For two independent events A and B, we can calculate the joint probability that both A and B occur by multiplying the individual probabilities of each event, e.g. P(heads 1 and heads 2) = 0.5*0.5 = 0.25.  But we can't always take this shortcut. For example, we shouldn’t multiply the probability of rain times the probability of high winds to get the probability of both, because rain and high winds convey information about each other: P(rain | high winds) $\neq$ P(rain | no high winds).  Likewise in the case of two siblings. The probability that sibling 2 is colorblind changes if we introduce the information that sibling 1 is colorblind, because colorblindness is a genetic trait.

In general, we might not know whether two events are independent.  In that case, we need data!  The solution is to check whether B happening seems to change the probability of A happening, or vice versa.  That is, we attempt to verify using data whether P(A | B) = P(A | not B) = P(A). These probabilities won't be _exactly_ alike because of statistical fluctuations, especially with small samples.  (We'll cover this point more in the future lesson on [Statistical uncertainty].)  But with enough data they should be pretty close if A and B are independent.

For example, in our data on music festivals, suppose we want to check whether playing Coachella is independent of playing Bonnaroo.  To check this, we want to see if P(coachella = 1 | bonnaroo = 1) = P(coachella = 1 | bonnaroo = 0)---in other words, whether a band's playing Bonnaroo affects the probability that the same band plays Coachella.  So to check this, let's form a table of probabilities conditional on the `bonnaroo` variable:

```{r}
xtabs(~coachella + bonnaroo, data=aclfest) %>%
  prop.table(margin=2)
```

From this table, it looks like:

- P(coachella = 1 | bonnaroo = 1) = 0.17
- P(coachella = 1 | bonnaroo = 0) = 0.54

The conclusion is that these two events are clearly _not_ independent.  A band that plays Bonnaroo is much less likely to play Coachella in the same year than a band that _doesn't_ play Bonnaroo.

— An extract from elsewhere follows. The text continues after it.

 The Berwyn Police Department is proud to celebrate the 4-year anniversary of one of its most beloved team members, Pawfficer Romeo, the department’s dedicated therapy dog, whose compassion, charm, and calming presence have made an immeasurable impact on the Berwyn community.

On the other hand, let's examine the data on ACL and Outside Lands:

```{r}
xtabs(~acl + outsidelands, data=aclfest) %>%
  prop.table(margin=2)
```

From this table, it looks like:

- P(acl = 1 | outsidelands = 0) = 0.126
- P(acl = 1 | outsidelands = 1) = 0.135

These numbers are not _identical_, but they're very close, to the point that we might plausibly explain the difference as a small-sample fluctuation.  (Again, we'll cover the topic of small-sample fluctuations in a future lesson.)  So for now, we'd either say that playing ACL and playing Outside Lands look independent of one another, _or_ at the very least that they look _nearly_ independent of one another.  Either way, no matter how we choose to phrase our conclusion, it's clear that whether a band plays Outside Lands conveys little to no information about how likely that band is to play ACL.

## Study questions {-}

1. Use the "aclfest.csv" data set to answer the following questions.

    A. What is the joint probability that a band played both Outside Lands _and_ Bonnaroo?
    B. What is the conditional probability that a band played Coachella, given that they played ACL Fest?  Use pipes (`%>%`), and write out in English what each line of your code chunk is doing.

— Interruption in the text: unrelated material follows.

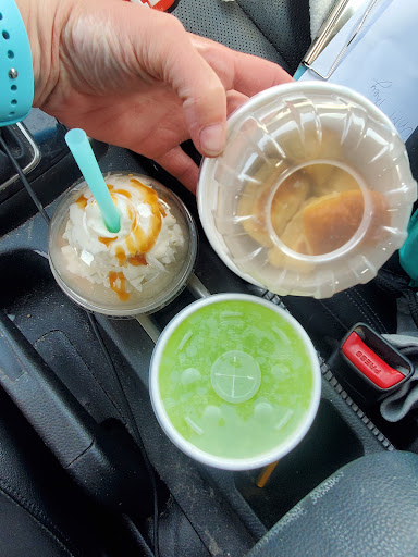 Ā Ā Ā Read moreStaff was friendly upon our arrival. 1st time Iām so wasnāt certain on what we were getting. We were offered a menu to look at. I got a pretzel w/ cheese sauce ( pretzel was good , I didnāt care for the cheese sauce but thatās just me. My son got a slushy drink that had shark gummies in it. He loved it! Super cute inside, loved all the turquoise decor. Super clean inside. Iāll be taking my son back for sure! He also got some popcorn which he chowed down on the car ride home. They have lots of Italian soda type drinks, frozen slushy/ice cream combos , great place to take your kids...

2. Download [plays_top50.csv](data/plays_top50.csv).  This file has data on 15,000 users of a music streaming service.  The first column is a unique numerical identifier for the user.  The remaining columns are for the top 50 artists most frequently streamed by this particular subset of users.  The entries in the data frame represent "did play" (1) and "did not play" (0), with 1 meaning that a given user streamed a given artist at least once during the data-collection period.   Use this data to answer the following questions:

   A. For a randomly selected user, what are P(plays Franz Ferdinand) and P(plays Franz Ferdinand | plays the Killers)?
   B. What are P(plays Bob Dylan) and P(plays Bob Dylan | plays the Beatles)?
   C. What are P(plays Rihanna) and P(plays Rihanna | plays Kanye West)?  Are the events "plays Rihanna" and "plays Kanye West" independent?
   D. What is P(plays Queen or plays David Bowie)?  Hint: for this one you'll need to know the addition rule, $P(A \mbox{ or } B) = P(A) + P(B) - P(A,B)$.